┌────────

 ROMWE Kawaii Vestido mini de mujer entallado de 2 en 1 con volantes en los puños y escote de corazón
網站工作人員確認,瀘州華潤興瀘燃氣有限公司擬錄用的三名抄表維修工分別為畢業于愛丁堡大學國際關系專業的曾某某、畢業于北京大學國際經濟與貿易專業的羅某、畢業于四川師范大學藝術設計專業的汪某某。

└────────
┌────────

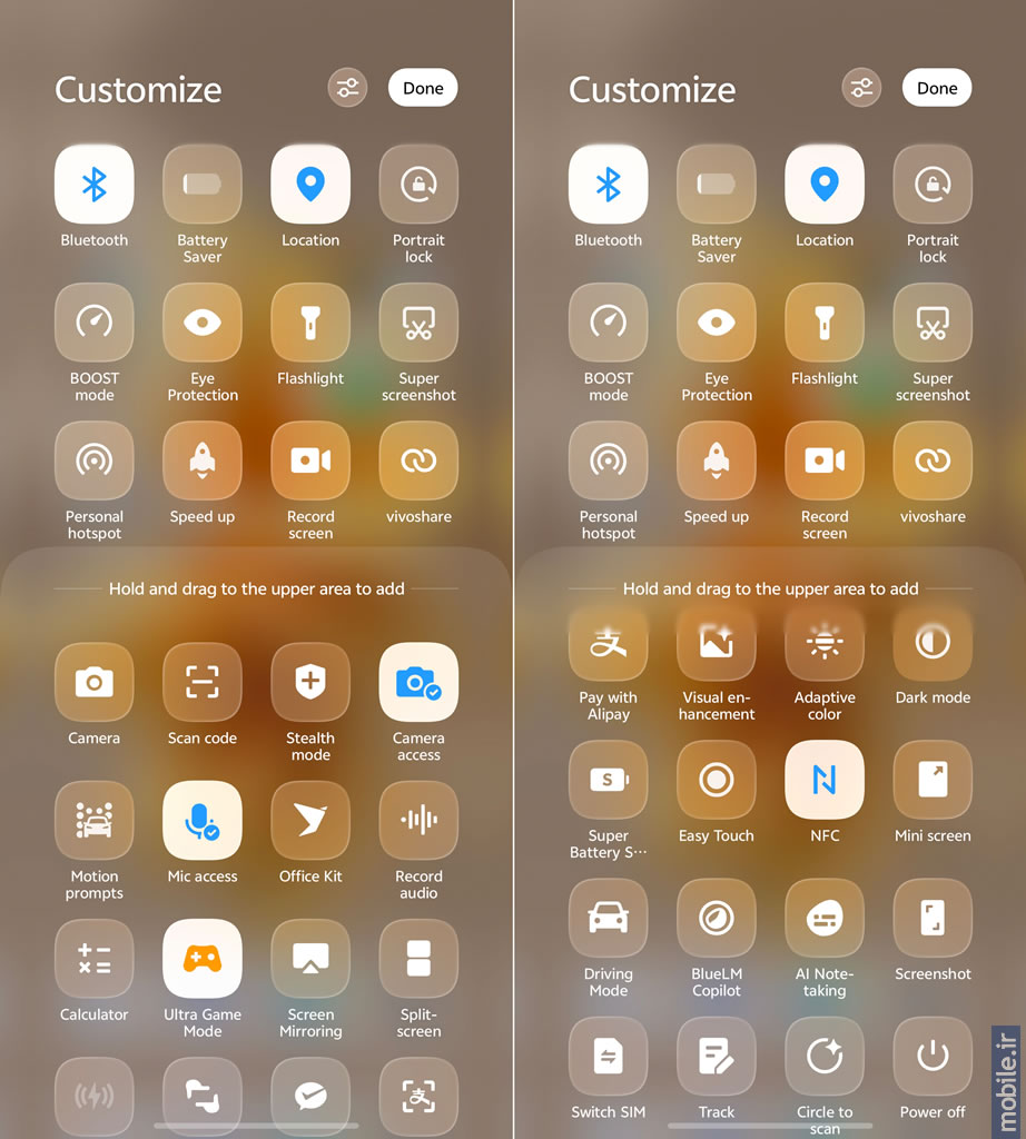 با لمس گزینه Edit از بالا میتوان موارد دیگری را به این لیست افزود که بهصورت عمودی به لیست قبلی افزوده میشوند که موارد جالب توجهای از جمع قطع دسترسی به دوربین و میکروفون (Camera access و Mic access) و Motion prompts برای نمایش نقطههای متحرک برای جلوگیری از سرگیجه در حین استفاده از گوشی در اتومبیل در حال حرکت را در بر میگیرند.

└────────
┌────────

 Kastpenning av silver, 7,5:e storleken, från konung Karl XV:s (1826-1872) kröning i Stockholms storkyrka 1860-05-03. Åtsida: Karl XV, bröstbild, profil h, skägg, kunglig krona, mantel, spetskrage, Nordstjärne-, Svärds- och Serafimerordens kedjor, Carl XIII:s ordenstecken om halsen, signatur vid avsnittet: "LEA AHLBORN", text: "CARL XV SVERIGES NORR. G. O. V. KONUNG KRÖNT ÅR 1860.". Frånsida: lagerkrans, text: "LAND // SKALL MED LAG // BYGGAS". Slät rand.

└────────

= TASK TO COMPLETE =
Return word for word the lines above from the line with "ROMWE Kawaii Vestido" to the line with "網站工作人員確認,瀘州華潤興", including both and leaving out all others.

= RESULT OF THE EXERCISE =
 ROMWE Kawaii Vestido mini de mujer entallado de 2 en 1 con volantes en los puños y escote de corazón
網站工作人員確認,瀘州華潤興瀘燃氣有限公司擬錄用的三名抄表維修工分別為畢業于愛丁堡大學國際關系專業的曾某某、畢業于北京大學國際經濟與貿易專業的羅某、畢業于四川師范大學藝術設計專業的汪某某。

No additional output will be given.